Day 1: Intro to Project 3

Welcome to class!

Gratitude Journal

Announcements


What is Structured Query Language (SQL)?



Ok, but how does it work?

SQL uses keywords to pull (or “fetch”, “extract”) the data we want from a database. The computer reads those keywords in a specific order.

From EverSQL we can get some more background:

This is the logical order of operations, also known as the order of execution, for an SQL query:


  1. FROM, including JOINs
  2. WHERE
  3. GROUP BY
  4. HAVING
  5. WINDOW functions
  6. SELECT
  7. DISTINCT
  8. UNION
  9. ORDER BY
  10. LIMIT and OFFSET

But the reality isn’t that easy nor straight forward. As we said, the SQL standard defines the order of execution for the different SQL query clauses. Said that, modern databases are already challenging that default order by applying some optimization tricks which might change the actual order of execution, though they must end up returning the same result as if they were running the query at the default execution order.

For CSE 250: Don’t think too hard about optimization at this point. Let the database figure out the optimized routine.

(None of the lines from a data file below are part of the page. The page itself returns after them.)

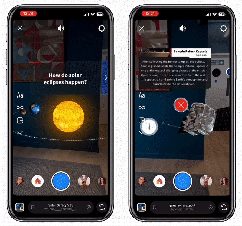 In collaboration with NASA, we expanded upon the space center's primary missions and areas of research. Users are provided with opportunities to comprehend the mechanics behind solar eclipses and learn safety protocols for observing them. They can also embark on explorations of the asteroid Bennu and the OSIRIS-REx satellite, which conducted surface scans upon its discovery. Additionally, users can delve into the forthcoming Artemis II lunar mission, where the firsthand account of an astronaut details the journey that will witness the first woman and person of color landing on the moon.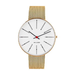 Den sista klockan som Arne Jacobsen designade var hans Bankers-klocka. Denna klocka designades till Danmarks Nationalbank år 1971. Jacobsen vann tävlingen om vem som skulle få designa Nationalbanken år 1960. Byggnaden stod först färdig år 1978 – sju år efter hans död. Arne Jacobsens Bankers klocka pryder nu Nationalbankens foajé. Du hittar Arne Jacobsens sista klocka både som armbandsur, väggur och bordsur här hos Vibholm. Du kan till exempel välja ett Arne Jacobsens Bankers-ur i IP guldpläterad stål med vit urtavla och blå läderrem.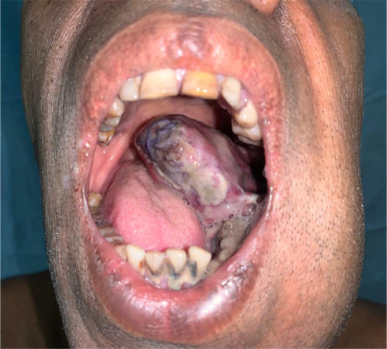 Brown Tumour or Osteitis fibrous cystic or Von-Recklinghausen disease of bone is a non-malignant condition due to abnormal metabolism of bones in hyperparathyroidism. Although pathognomonic of hyperparathyroidism, brown tumours are rare and only case reports are found in literature. We report a case of brown tumour of mandible with recurrent episodes of bleeding. A 46 year old male patient presented in emergency with bleeding from ulceroproliferative mass from left floor of mouth. After control of bleeding, radiological, laboratory and histopathological investigations were done that led to the diagnosis of brown tumour of mandible in the presence of parathyroid adenoma of left lower parathyroid gland. Left upper and lower parthyroidectomy was done with segmental resection of mandible with mass and titanium plating. Brown tumour of facial bones is a rare entity. Very rarely it can reach enormous sizes to cause bleeding. Although parathyroidectomy and correction of parathormone levels cause regression of small tumours, large brown tumours with complications should be managed with surgical resection and reconstruction.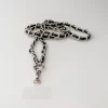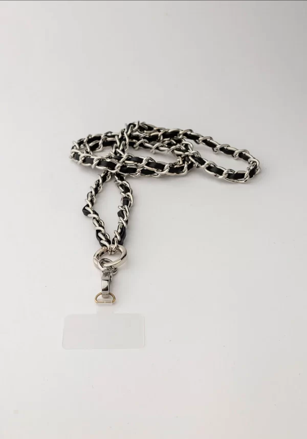 Crossbody iPhone-band met een zilveren ketting om een grijze pu.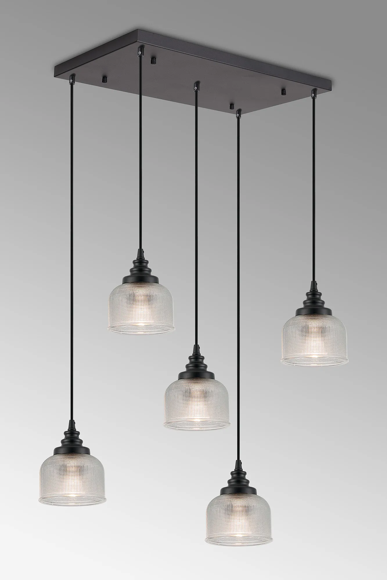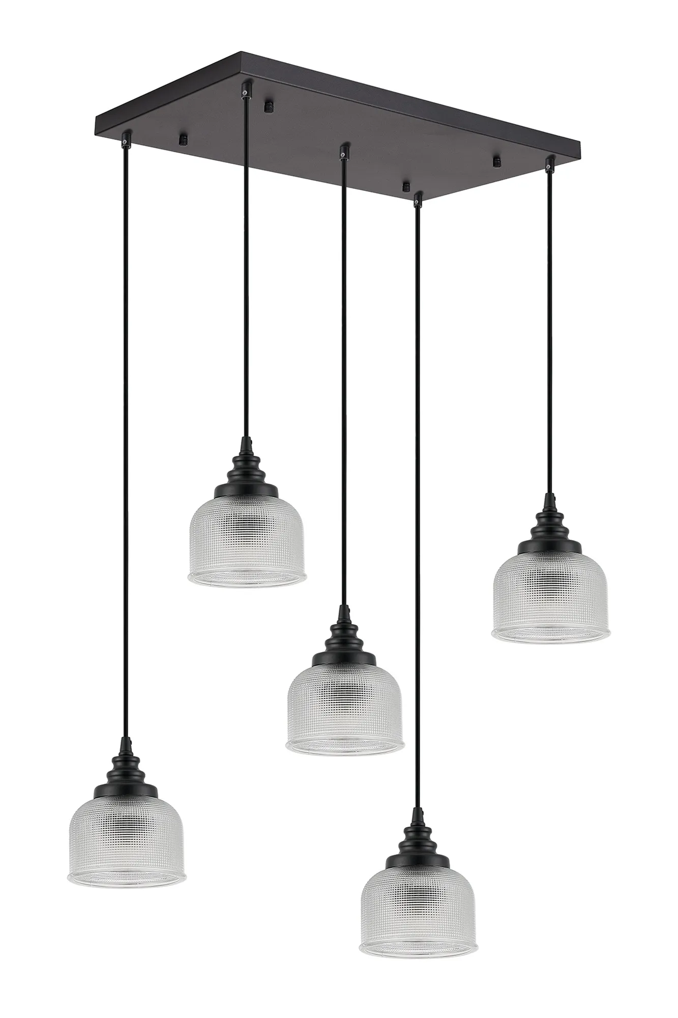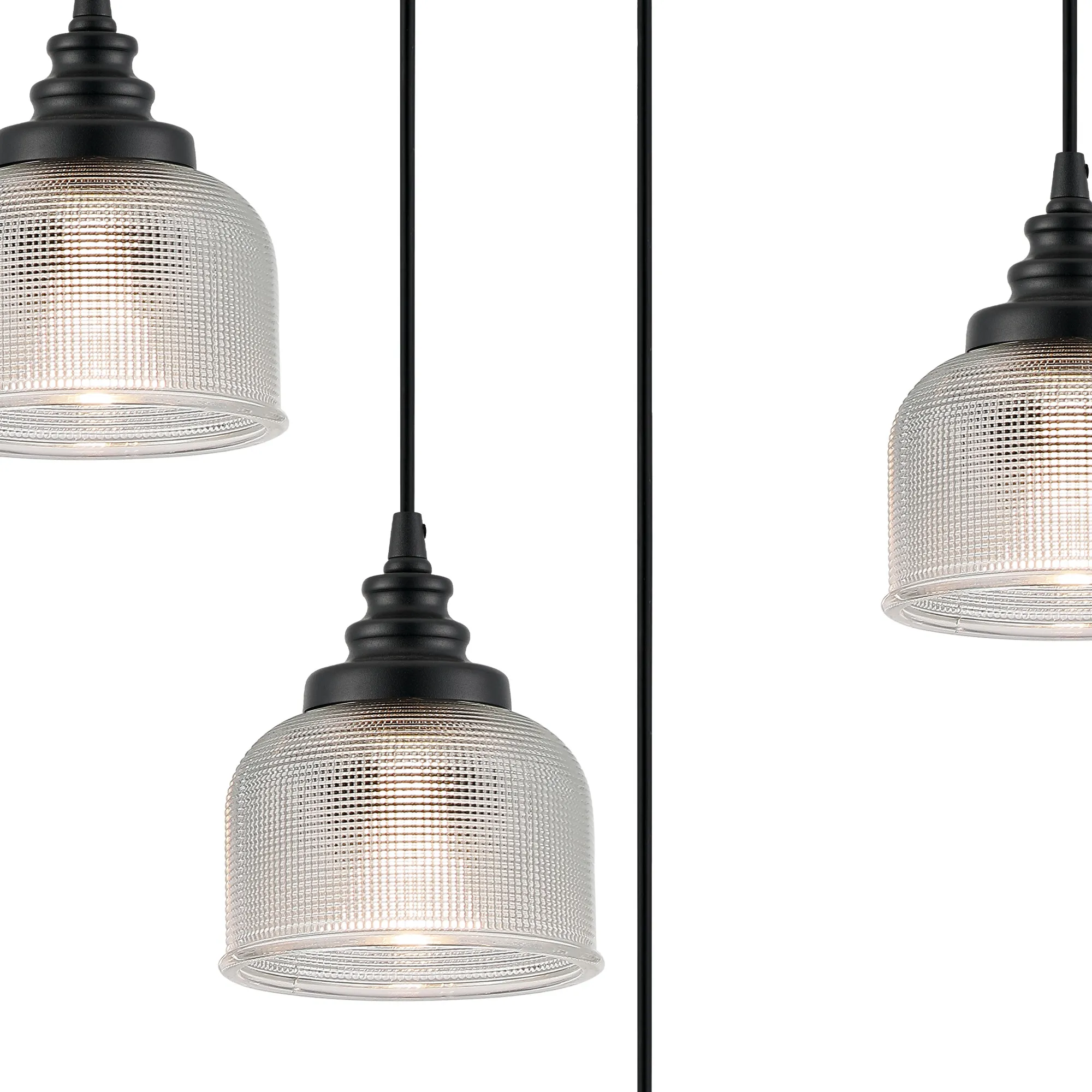 Yorkton 12 Light Rectangular Pendant, E27, Satin Black/Prismatic Dome Glass, Clear Item Weight: 16.1kg

Most SQL queries are typed in the following pattern:

SELECT -- <columns> and <column calculations>
FROM -- <table name>
  JOIN -- <table name>
  ON -- <columns to join>
WHERE -- <filter condition>
GROUP BY -- <subsets for column calculations>
HAVING -- <grouped filter condition>
ORDER BY -- <how the output is returned in sequence>
LIMIT -- <number of rows to return>

Project 3 - what are our goals?

Do we understand the questions being asked in Project 3?


The baseball data

Let’s start exploring the baseball data!

import pandas as pd
import sqlite3

con = sqlite3.connect('lahmansbaseballdb.sqlite')

df = pd.read_sql_query("SELECT * FROM fielding LIMIT 5", con)
df

Understanding SQL queries

Make sure you do the project readings!